I changed the AMD Ryzen 3 3200G to a AMD Ryzen 5 3600 on one node and to 
a AMD Ryzen 3 3100 on the two other nodes, now the problem is gone.

I don't really know why, I can think of two reasons:

1) The 3200G did not support ECC but I use ECC RAM. Maybe this leads to 
errors (although intensive memory testing with memtest86 did not report 
anything).
2) The new CPUs do not have integrated graphic capabilities. I noticed 
that the two onboard 10GBit-Ethernet adapters now have other PCI 
addresses with the new CPU. And with the old CPUs there were problem 
with malfunctioning of these 10G adapters.

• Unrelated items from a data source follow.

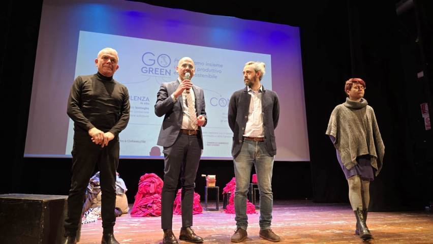 Ieri al teatro San Leonardo, anche questo associato alla Cna, Beppe Allocca ha portato in scena il tema della sostenibilità applicata all’artigianato, per sensibilizzare in maniera ironica sui concetti di riutilizzo e riuso. Il messaggio dello spettacolo è infatti lo stesso di Go Green: “Genesi del rigenero” – scritto e interpretato dallo stesso Allocca – parla dei cenciaioli, gli artigiani che dal 1850 riciclano indumenti usati. Pratese e artigiano, attraverso una rivisitazione della Bibbia incentrata sulla rigenerazione dei tessuti, ha messo in scena un mix di artigianato, teatro e moda che è stato apprezzato da tutti i presenti.
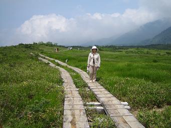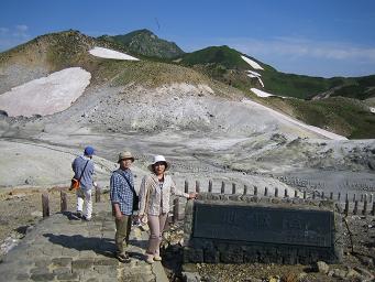 | 室堂を後に、立山高原バスで弥陀ヶ原に途中下車。ここでもまだ2000mくらいはあるが、階段でもあまり息が切れることはなかった。高地トレーニング(?)で、心肺機能が鍛えられたのかも。 夏の暑さも戻り、室堂を見た後ではあまり感動的な風景もなかった。 道路を隔てて、立山カルデラがあったが、不案内で実損ねた。砂防工事の様子が見えるらしい。 |
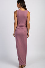 PinkBlush Mauve Solid Sleeveless Fitted Maternity Maxi Dress
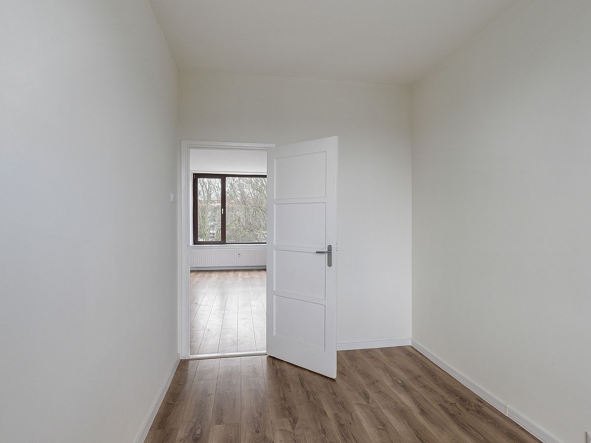 2e Achterslaapkamer met houten kozijnen en dubbel glas.
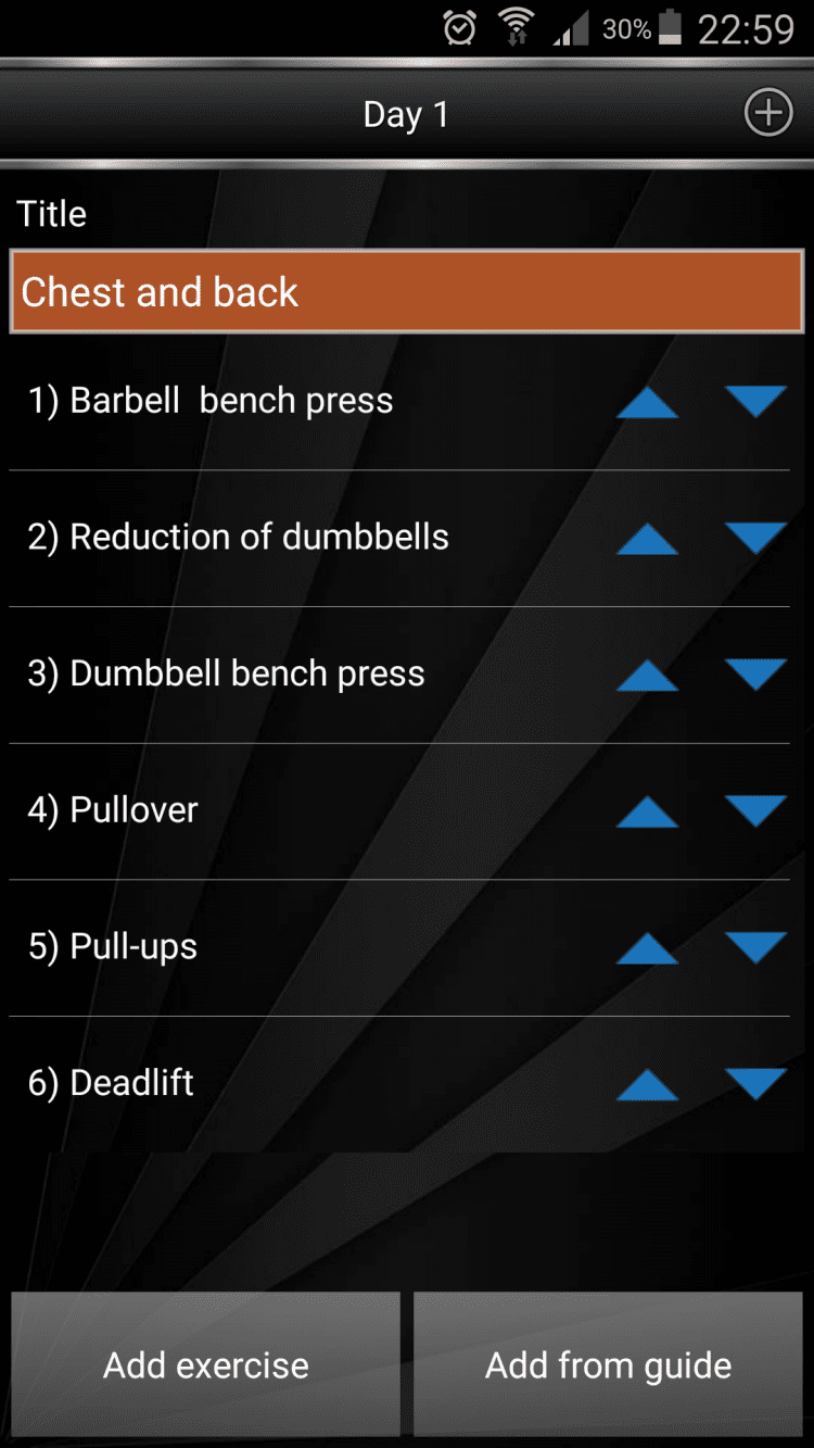 - создание тренировочной программы с произвольным количеством тренировочных дней;

Many thanks for input + your help.

The ASRock Rack X470D4U2-2T is definitly stable now.

Best Regards,
Hermann

Am 04.09.20 um 16:45 schrieb Hermann Himmelbauer:
> Dear Proxmox users,
> 
> I'm trying to install a 3-node cluster (latest proxmox/ceph) and
> experience random freezes. The node can either be completely frozen (no
> blinking cursor on console, no ping) or can get somewhat blocked / slow etc.
> 
> This happens most often on node 2 (approx. 3-4 times / day), node 3
> never got stuck within 14 days runtime, node 1 once.
> 
> Unfortunately I did not find any way to trigger this behaviour, however,
> I *think* that this happens most often if I stress the machine in some
> way (performance test within a virtual machine) and then idling the machine.
> 
> When the machine freezes completely, there is no logfile. However, if it
> is partially frozen, some info can be aquired via dmesg. (See attached
> file). ("device=2b:00.0" is an intel 10GBit ethernet adapter (X550T). So
> perhaps there is some driver issue regarding this ethernet adapter?)
> 
> The system consists of the following components:
> 
> - AMD Ryzen 3 3200G, 4x 3.60GHz, boxed (YD3200C5FHBOX)
> - ASRock Rack X470D4U2-2T (Mainboard)
> - Samsung SSD 970 EVO Plus 250GB, M.2 (MZ-V7S250BW) (builtin SSD for OS)
> - 2 * Kingston Server Premier DIMM 16GB, DDR4-2666, CL19-19-19, ECC (BOM
> Number: 9965745-002.A00G, Part Number: KSM26ED8/16ME)
> - be quiet! Pure Power 11 CM 400W ATX 2.4 (BN296) (Power supply)
> - 2 * Micron 5300 PRO - Read Intensive 960GB, SATA
> (MTFDDAK960TDS-1AW1Z6) (SSD for Ceph)
> - LogiLink PC0075, 2x RJ-45, PCIe 2.0 x1 (second NIC with two ports)
> 
> The system is Linux Debian 10.4 (Proxmox 6.2-4) with kernel 5.4.34-1-pve
> #1 SMP PVE 5.4.34-2 (Thu, 07 May 2020 10:02:02 +0200) x86_64 GNU/Linux.
> 
> What I did so far (without success):
> 
> - Disabled C6 as I read that this CPU-state can lead to unstable systems
> (via "python zenstates.py --c6-disable" -> still errors).
> - Updated my Bios to the latest version (3.30)
> - Checked that the CPU + RAM are compatible to the mainboard (they are
> listed as compatible on the ASRock website)
> - Checked logs in IPMI (undervoltage, temperature etc., nothing is logged)
> - Memory test (memtest86, no errors)
> 
> Do you have any clue what could be the reason for these freezes? Should
> I think of some hardware error? Or is this some known Linux bug that can
> be fixed?
> 
> Best Regards,
> Hermann
> 
> 
> _______________________________________________
> pve-user mailing list
> pve-user@lists.proxmox.com
> https://lists.proxmox.com/cgi-bin/mailman/listinfo/pve-user
> 



^ permalink raw reply	[flat|nested] 5+ messages in thread

end of thread, other threads:[~2020-11-16 17:27 UTC | newest]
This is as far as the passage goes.